RRF is a rank aggregation method that converts each result's position in individual search results (BM25, vector, graph) into a score using the formula `1 / (RRF_K + rank)`, then sums these scores across indices. Agentmemory uses RRF because it requires no score calibration between heterogeneous indices, handles missing results gracefully, and allows configurable weighting while avoiding complex normalization of disparate score types.

### How does the graph expansion step improve search results?

After identifying the top five vector results, the system calls `graphRetrieval.expandFromChunks()` to traverse the knowledge graph from those semantically similar entries. This discovers related observations that share entities or relationships with the vector hits but might not match the original query lexically or semantically, capturing contextual relationships that pure embedding similarity or keyword matching would miss.

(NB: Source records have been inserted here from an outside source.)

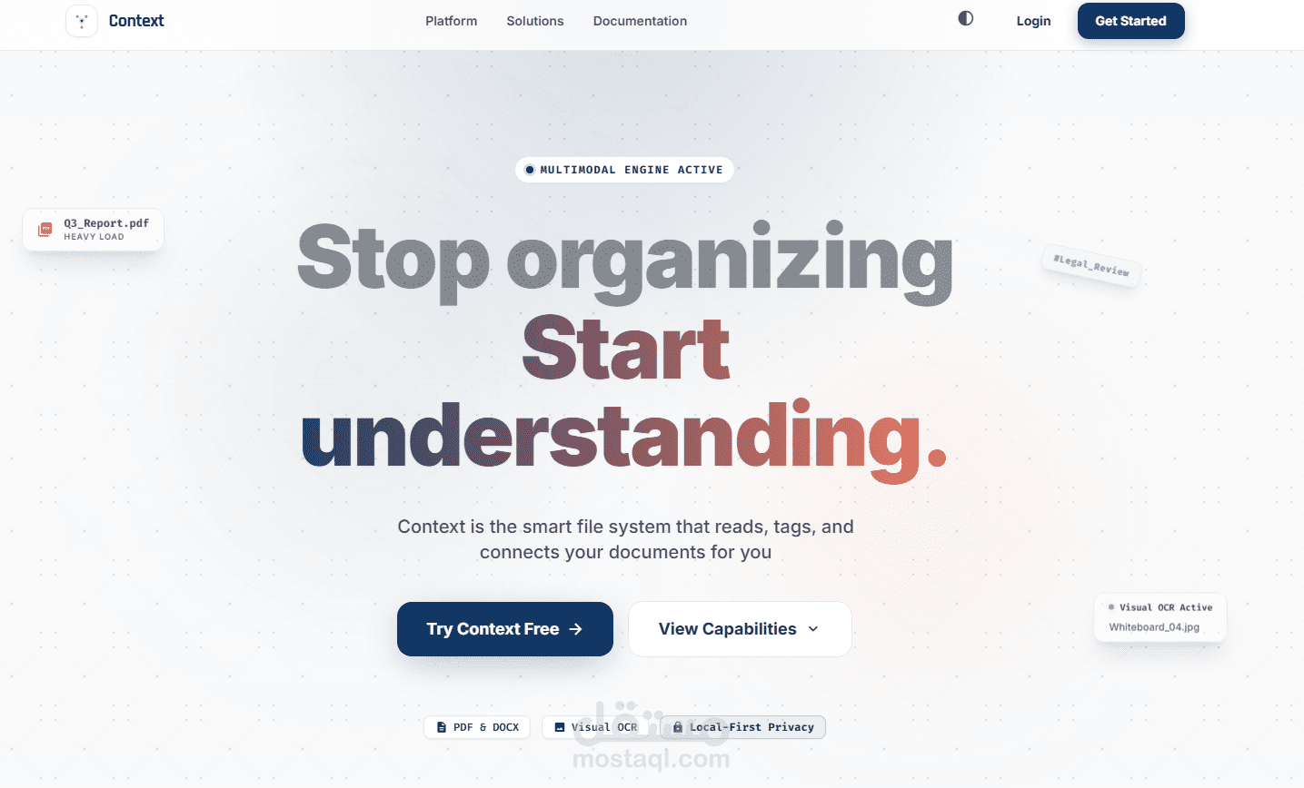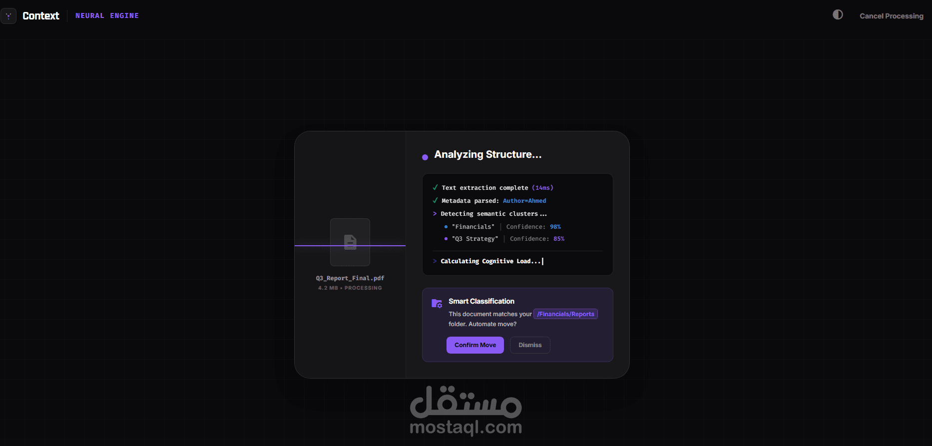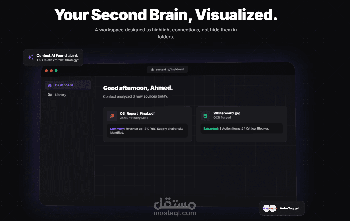 مشروع "Context" هو تطبيق ويب متقدم يعمل كمحرك معالجة دلالي . يهدف المشروع إلى استبدال نظام المجلدات التقليدي بنظام ملفات ذكي يعتمد على الفهم الدلالي لمحتوى المستندات، مما يساهم في تبسيط وتطوير سير العمل الحديث للشركات والأفراد.
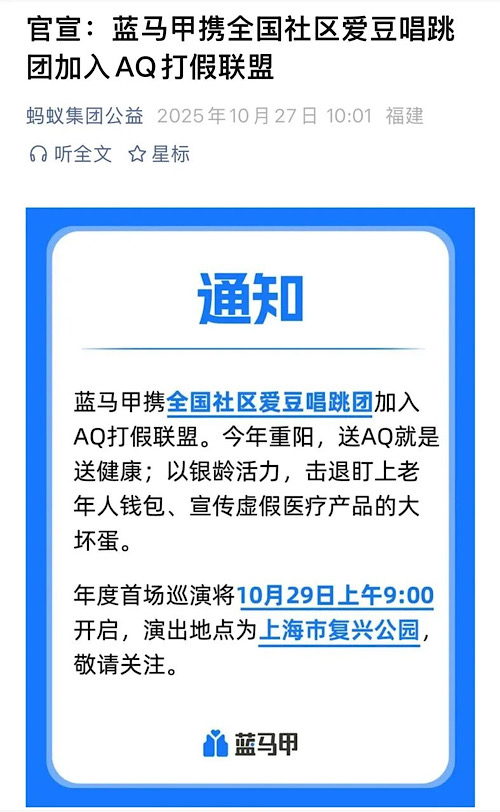 在蓝马甲乐龄健康嘉年华现场,“蓝马甲行动”负责人宣布,将启动助医志愿者招募,联合AQ扎根社区,打假虚假医疗广告。“通过开发系列宣讲课程、开展义诊、互动市集等活动,用伸手可触碰的温暖陪伴、随时可问询的专业医疗AI,蓝马甲希望为老人打造可信赖、有温度的社区氛围。”
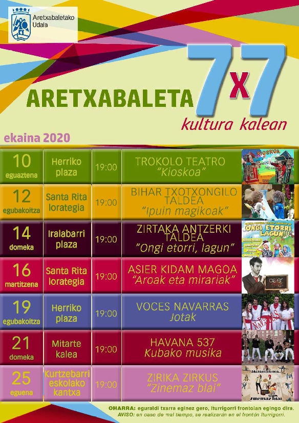 La actividad cultural regresa a Aretxabaleta con el programa ‘7x7 Kultura kalean’
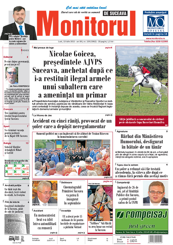 | Nicolae Goicea, preşedintele AJVPS Suceava, anchetat după ce i-a restituit ilegal armele unui subaltern care a ameninţat un primar |
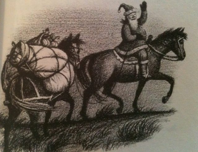 “Laura was anxious because Christmas was near, and Santa Claus and his reindeer could not travel without snow. Mary was afraid that, even if it snowed, Santa Claus could not find them, so far away in Indian Territory. When they asked Ma about this, she said she didn’t know.”
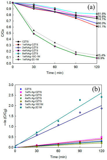 A photocatalytic technique is considered a promising method for treating organic dyes in wastewater [1,2]. I2-II-IV-VI4 quaternary chalcogenide semiconductors Cu2ZnSnS4 (CZTS) are non-toxic, Earth-abundant, and inexpensive, and they have a high absorption coefficient >10−4 cm2 for potential application as solar-cell absorbers [3,4,5]. However, due to the fact that their optimum band gap is ~1.5 eV, they easily recombine into photogenerated holes and electrons. Thus, it is necessary to reduce the recombination rate. TiO2 is a well-known n-type metal oxide photocatalyst in many photocatalytic applications, including hydrogen generation and water splitting in environmental and energy-related fields [1,6,7,8,9]. However, its relatively large band gap of 3.2 eV is only a small fraction (4%) of the solar spectrum. Several studies have investigated ways to achieve better absorption and charge carrier mobility under visible light through the use of a dopant [10,11,12,13]. Koichi Awazu et al. labeled this new phenomenon “plasmonic photocatalysis”, where silver (Ag) nanoparticles (NPs) are coated with a passive material such as SiO2 to prevent oxidation and to separate TiO2. Their work indicated effective surface plasmon resonance transfer of photogenerated holes on the surface enhanced photocatalytic reaction [14].
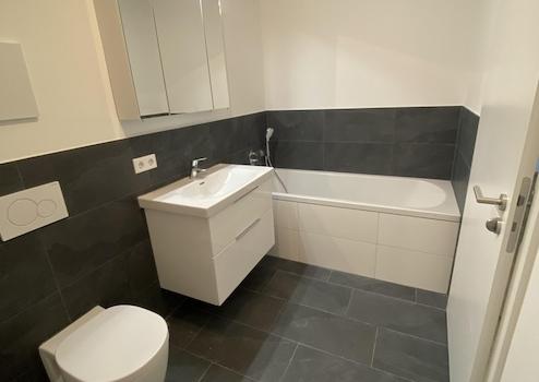 - Helles Badezimmer mit Feinsteinzeugfliesen inkl. Badewanne und bodenebener Dusche mit Echtglas Duschwand
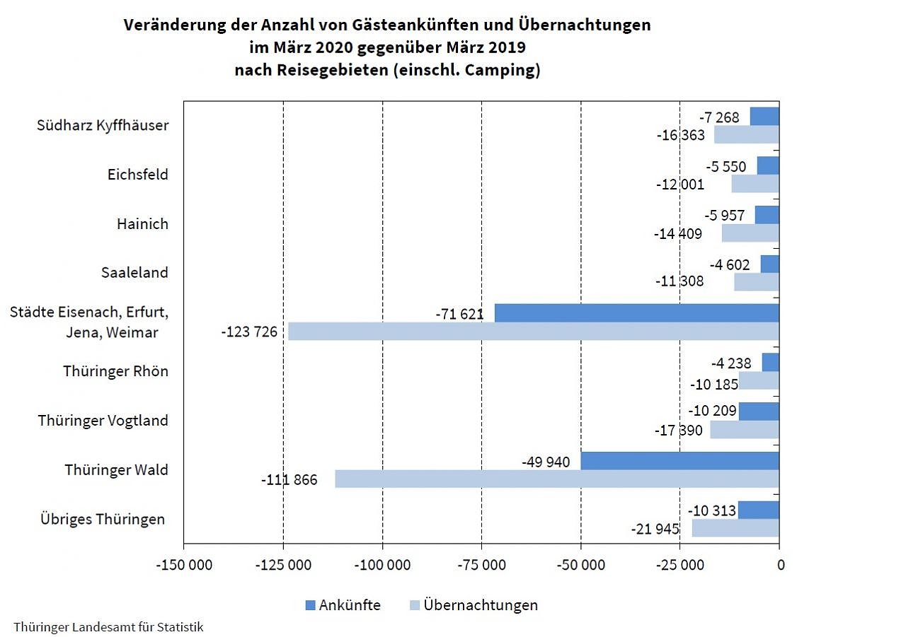 Alle neun Thüringer Reisegebiete verzeichneten im März 2020 sowohl bei Gästeankünften als auch bei Übernachtungen drastische Verluste. Bezüglich der Übernachtungen reichte die Spanne von -30,2 Prozent im Reisegebiet Thüringer Rhön bis -66,5 Prozent im Reisegebiet der Städte Eisenach, Erfurt, Jena und Weimar.

### Can I disable specific search signals in agentmemory?

While the implementation dynamically collapses weights for empty indices to zero, explicit signal disabling occurs by omitting the relevant index during `HybridSearch` instantiation. For example, passing `null` or an empty `VectorIndex` effectively disables vector search, forcing the RRF calculation to rely solely on BM25 and graph signals, or BM25 alone if the graph also yields no results.